- Starr's Mill High School
Conversation about Confidence: Stinson helps Booth musicians find their sound
You have to believe in yourself to make great music, and J.C. Booth Middle’s Director of Bands McKinley Stinson has the drive to help the young Warrior musicians thrive.
He can trace his path into a music career back to middle school. He was playing the drum set at his church when he found inspiration in his family from his Uncle Steve.
“When he was playing drum set, he was so joy filled,” Stinson remembered. “I had never seen an adult working with such joy.
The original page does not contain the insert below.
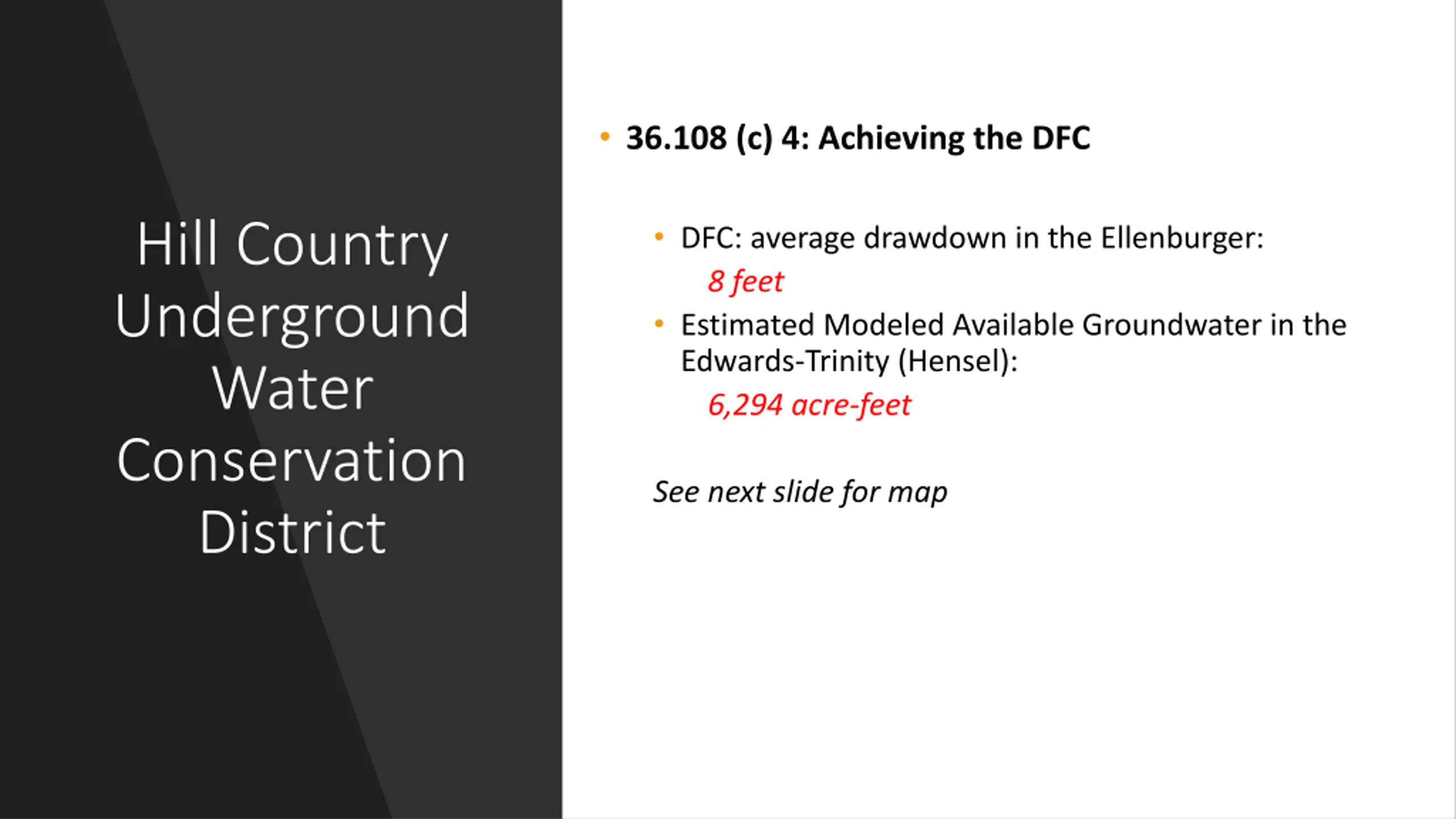 36.108 (c) 4: Achieving the DFC DFC: average drawdown in the Edwards-Trinity (Hensel): 5 feet Estimated Modeled Available Groundwater in the Edwards-Trinity (Hensel): 4,979 acre-feet Hill Country Underground Water Conservation District See next slide for map

I didn’t know at the time that I wanted to do music for a living, but I thought, jeez, whatever I do I want to feel like that.”
Stinson found a passion for percussion, studying it at the University of South Carolina and following it into a career playing professionally, including a recent stint with the Wicked production at the Fox Theatre in Atlanta.
He came to Booth in 2020, finding an environment where he can thrive. It checked a lot of boxes he was looking for in a school. He gets to see his students every day, there are opportunities to collaborate, and he has a community of supportive families and administrators.
“It’s pretty easy to believe that a lot is possible here.”
Preaching progress is key for Stinson.
“It can be tempting to believe that, when you’re not immediately good at something, you should do something else, and that’s not always the case,” he said. “You can’t be bad at something you haven’t been doing for an extended period of time. You’re not bad, you’re inexperienced.”
His own struggles and development of confidence help him connect with students as they try to learn an instrument.
“You have to have a conversation about confidence and persistence and really wanting to do it,” he said. “It hasn’t always been easy but certainly always fulfilling. I hope my students feel the same way.”
Music is its own world. A student can be a math or science whiz, but you can’t become a cello master with just a book. It takes a lot of practice and a lot of patience with one’s self, a great life lesson.
“Your instrument does not care. Your instrument requires time,” he said. “You have to keep going, and hopefully they’ll apply that practice in whatever area they’re both passionate and gifted at doing.”
The dream is for his students to get so good, that they don’t even need him anymore. All of their preparation leads the way to that point.
“The goal is to kind of work yourself out of a job for that kid,” he said. “When something clicks for them, and they see that, more importantly, it’s because of the work they did, you see that agency blossom in them. You can see they’re going to be fine.”